Она была воплощением смелой красоты; ее длинные роскошные волосы струились свободно, как растрепанное знамя; в ее чудных, широко распахнутых глазах, казалось, вспыхнули искры; все это представлялось Пьеру творением незримого чародея. Преображенная, она стояла перед ним; и Пьер, склонившись перед ней в глубоком поклоне, увидал в ней то неизменногрозное величие человеческой натуры, коя бывает величественной и суровой как у мужчин, так и у женщин.
Но нежность, свойственная всем женщинам, в конце концов вернулась к Изабелл; и она молча села к окну, любуясь, как резвятся в траве кроткие огни светлячков той магнетической летней ночью.
Грустно улыбаясь, Пьер прервал молчание:
– Сестра моя, будешь ли ты так щедра, чтобы подать мне милостыню; я очень голоден – я не ел с самого завтрака; и теперь принеси мне только кусок хлеба да стакан воды, Изабелл, ничего другого я не прошу. Прошлой ночью я рыскал в кладовой особняка, словно взломщик в булочной, но этим вечером мы должны вместе поужинать, Изабелл; поскольку мы впредь будем жить вместе, так давай начнем это совместной трапезой.
Изабелл взглянула на него, тая во взгляде некое непостижимое и глубокое чувство, затем, всем своим видом выказывая согласие, с милой улыбкою молча покинула комнату.
Когда она вернулась, Пьер, метнув взор на потолок, сказал:
– Она успокоилась, шаги совсем прекратились.
– Но не прервались ее муки; если шаги ее смолкли, то беспокойное сердце – нет. Брат мой, она вовсе не успокоилась, покой для нее потерян, так что благонравная тишина этой ночи для нее по-прежнему наполнена безумным гвалтом.
– Принеси мне карандаш или перо и лист бумаги, Изабелл.

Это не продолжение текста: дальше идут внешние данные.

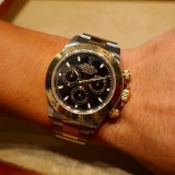 昔からコンビモデルが好きで色々なモデルを使っていましたが、デイトナは縁が無かったのか、購入した事はありませんでした。しかし今回店頭で一目惚れ。試着もほどほどにすぐに購入しました。やはり、王者と呼ばれるだけあってこの高級感は興奮モノです!新型の太字のベゼルは迫力もあり、大変気に入ってます。

Она отодвинула в сторону каравай хлеба, тарелку и нож и принесла ему перо, чернила и бумагу.
Пьер осмотрел перо:
– У тебя есть только такое, дорогая Изабелл?
– Это – единственное, брат мой, другого не найдется в этой бедной лачуге.
Пьер долго глазел на перо. Затем, повернувшись к столу, твердо написал следующие строки:
«Дэлли Ульвер: с глубоким и искренним уважением и сочувствием от Пьера Глендиннинга.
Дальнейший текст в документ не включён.